(CASSAPOLIS, Mich.) — When Kimberly Hester of Cass County, Mich. posted with permission a photo a coworker sent her on Facebook, she didn’t think it would offend the public school where she taught, or lead the superintendent to demand access to her Facebook page. But a photo of her coworker with her pants down did just that.
Hester, 27, was a full-time peer professional, or teacher’s aide, at Frank Squires Elementary in Cassapolis, Mich. for about two years. In April 2011, a coworker texted a photo showing herself with her pants around her ankles, with the message “thinking of you” as a joke.
“She’s actually quite funny. It was spur of the moment,” Hester said, adding that there was nothing pornographic about the picture, which only showed the pants, part of her legs, and the tips of her shoes.
“I couldn’t stop laughing so I asked for her permission to post it [on Facebook],” she said. The coworker agreed. Hester said all this took place on their own time, not at or during work.
Hester said a parent (not of one of her students) showed the photo to the superintendent, calling it unprofessional and offensive. Hester said the photo could only be viewed by her Facebook friends. The parent happened to be a family friend.
In a few days, the superintendent of Lewis Cass Intermediate School District, Robert Colby, asked Hester to come to his office.
“Instead of asking to take the photo down and viewing it from my friend’s point of view, they called me into the office without my union,” she said. Hester is a member of the Michigan Education Association, which represents more than 157,000 teachers, faculty and support staff in the state, according to its website.
The superintendent asked that she show her Facebook profile page.
“I asked for my union several times, and they refused. They wanted me to do it right then and there,” Hester said.
Hester’s story echoes reports of employers asking job applicants for access to their Facebook pages.
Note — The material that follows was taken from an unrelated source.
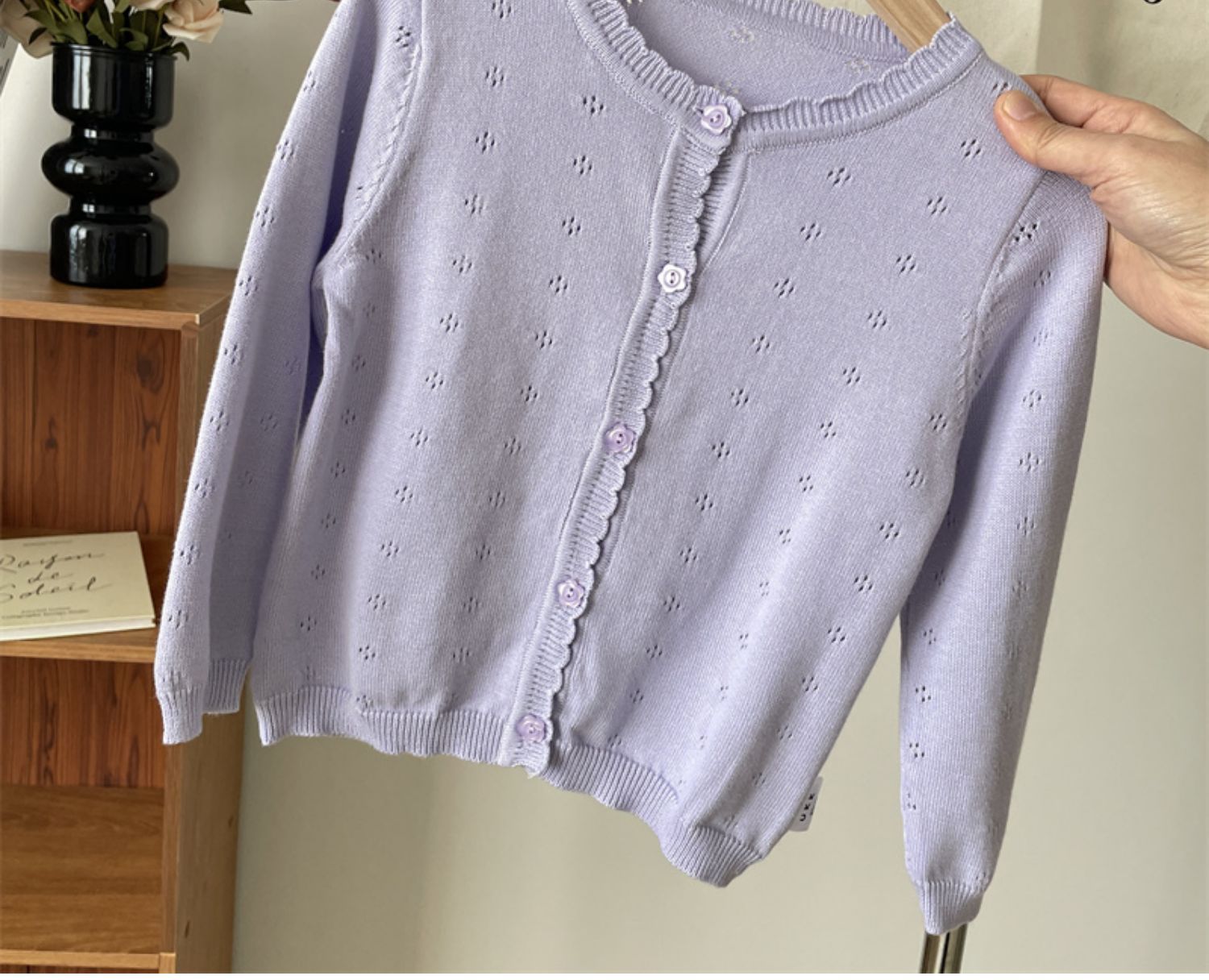 • Yunxia 보라색 중공 곰팡이 가장자리 니트 가디건

Robert McCormick, a professor at the Michigan State University College of Law, said normally in the private sector and in a non-union stetting there is nothing to prevent an employer from asking for access to a Facebook page. But in a private sector setting, if an employee is summoned to a disciplinary meeting with the employer and requests union representation at that meeting, it is an unfair labor practice to refuse that representation.
Hester said she and her coworker pictured in the photo were put on seven weeks of paid administrative leave, and they were eventually suspended for 10 days. She said the coworker, who was up for tenure, was forced to resign.
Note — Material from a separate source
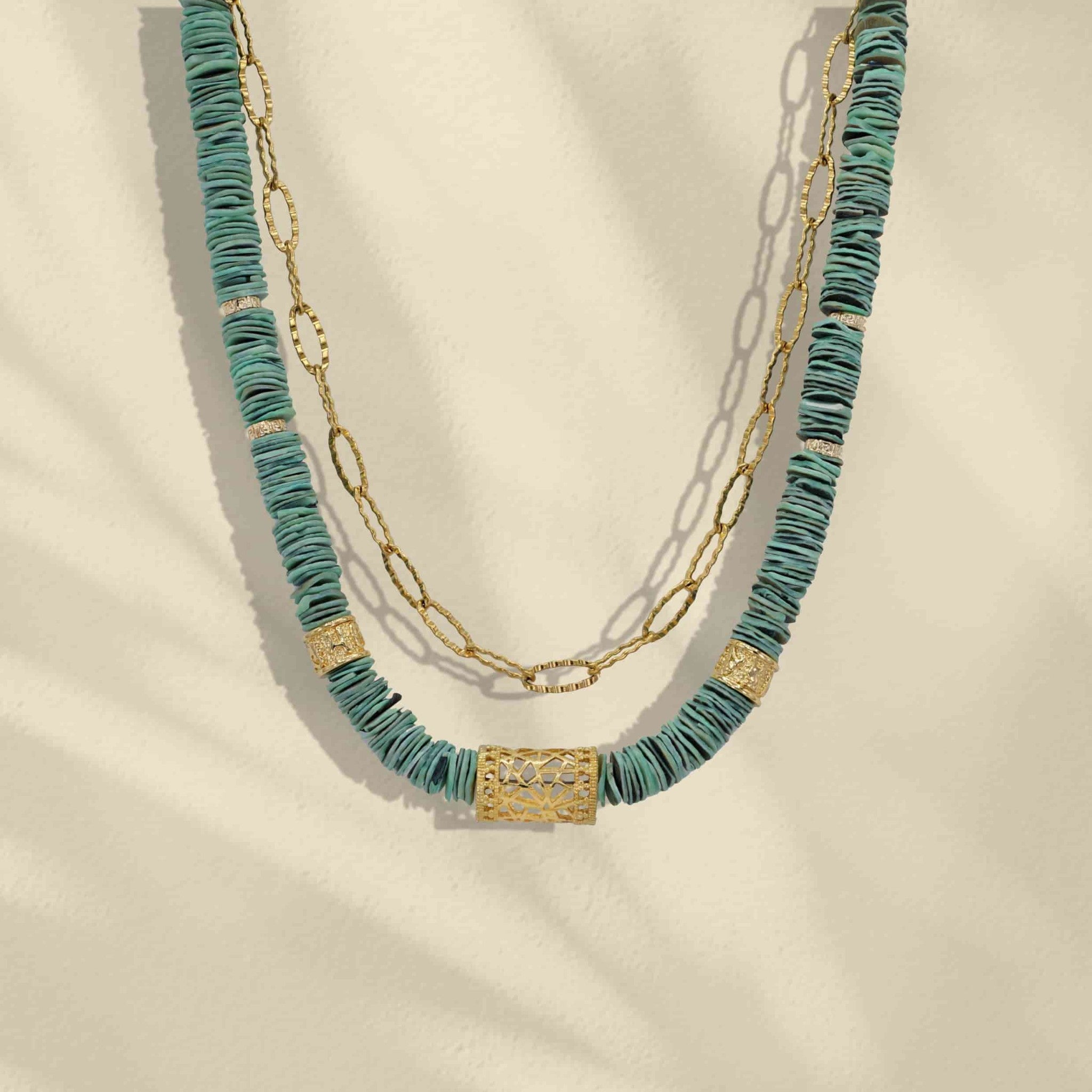 • Les pierres de coquillages coordonnées aux pièces ethniques en laiton doré à l'or fin donnent au collier un caractère à la fois original et distingué.

Bill Young, an attorney representing Hester through the Michigan Education Association, said Hester’s case will go before a private arbiter under the collective bargaining agreement in late May. Young said the coworker has taken another job.
Hester said she returned to work in September when the school year began. While Hester previously worked assisting a teacher for emotionally impaired students in kindergarten through the fourth grade, she was assigned another program and was placed under a strict directive. She said she was instructed not to speak with coworkers unless it was about a student and could not go to the bathroom before asking.
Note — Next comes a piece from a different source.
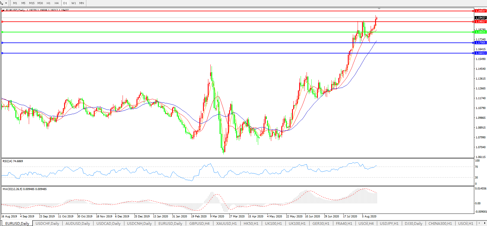 欧元兑美元EURUSD   日线图:
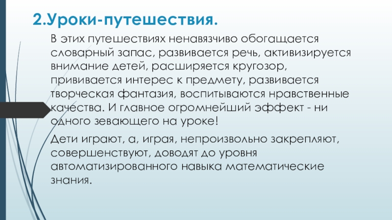В этих путешествиях ненавязчиво обогащается словарный запас, развивается речь, активизируется внимание

She said her contract allowed her 14 paid days off but the school would not let her use them. She said she was also directed to read books about communication and to take 49 online classes. She said that and the work environment at school took a toll on her emotionally in November 2011.
“I had a nervous breakdown, went to hospital and was put on medication,” said Hester, who has been on unpaid leave since November.
Hester said she went on leave through the Family and Medical Leave Act at first. Then, she said, the superintendent refused to give her benefits. Next week she will have a pre-trial hearing for worker’s compensation. She is demanding her job back and back pay, $15,000 to date.
She also wants an apology from the school.